Did Your Firefox Add-Ons Break? Here's How to Fix Them
If you used Mozilla Firefox over the weekend, you may have noticed that some of your add-ons and extensions stopped working. Fortunately, the problem has now been fixed, and if your browser doesn't update itself automatically, you can update it manually by downloading installation files here or here.
The problem causing this was simple: A digital security certificate that verified the integrity of Firefox add-ons and extensions expired. As a safety measure, the add-ons and extensions were automatically disabled by the browser.

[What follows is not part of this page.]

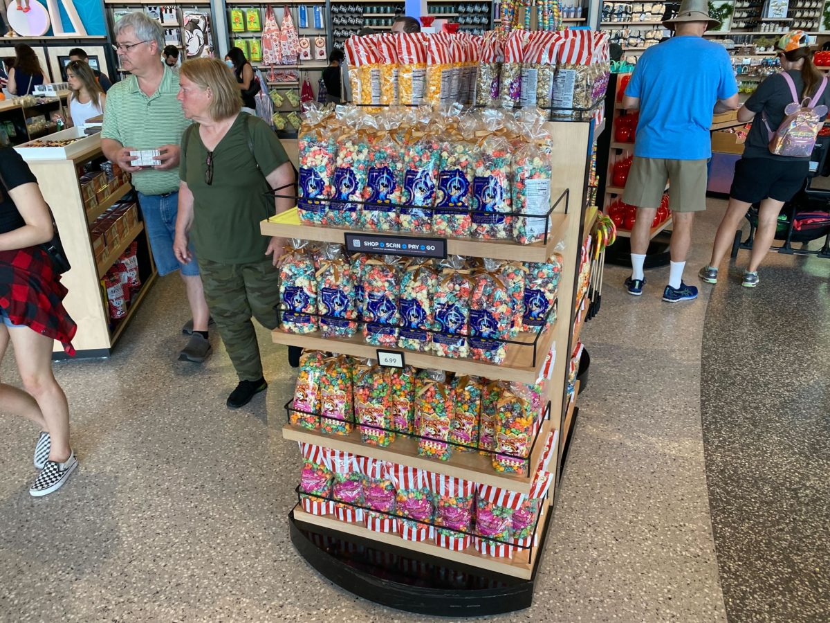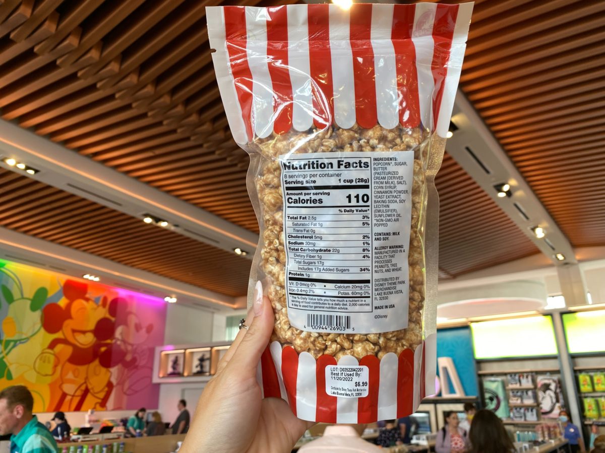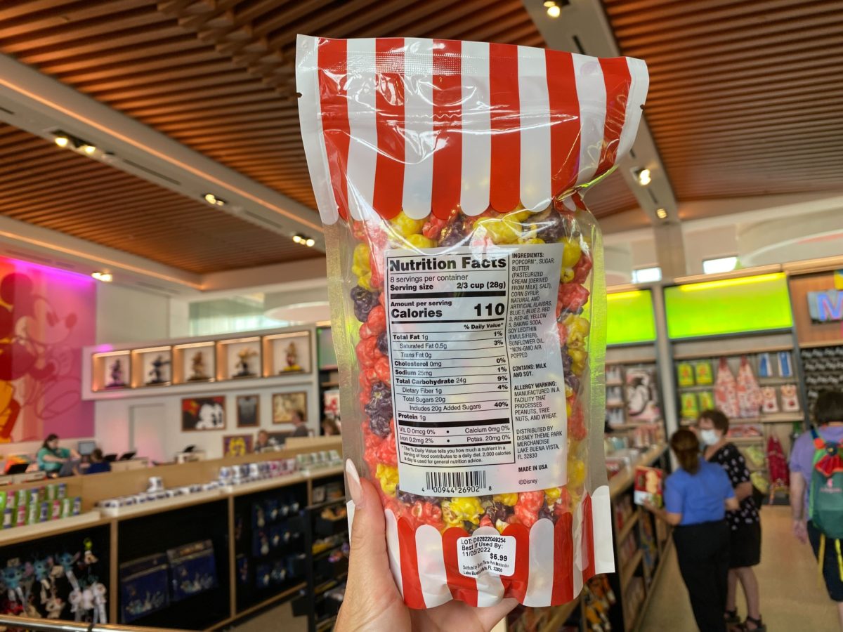 We recently reported that guests could find pre-packaged flavored popcorn in resealable bags at Disneyland Resort. We have since found lots of flavored popcorn in the same new bags at EPCOT. We review three flavors here.

Widely used Firefox extensions such as Netflix, NoScript, Ghostery, uBlock Origin and LastPass were reported to no longer work starting at midnight universal time Saturday, May 4, when the certificate expired. That would have been 1:00 a.m. Saturday in London, 8:00 p.m. Friday in New York and Toronto and 5:00 p.m. Friday in Los Angeles.
Longtime users of Firefox ad blockers suddenly saw a level of online noise that the rest of us have to deal with every day.
"Opened Firefox ... guess a certificate died somewhere because all my add-on scrip[t]s are disabled and there are singles in my area waiting to meet me," tweeted information-security reporter Steve Ragan. "Oh, and I won some sort of trip."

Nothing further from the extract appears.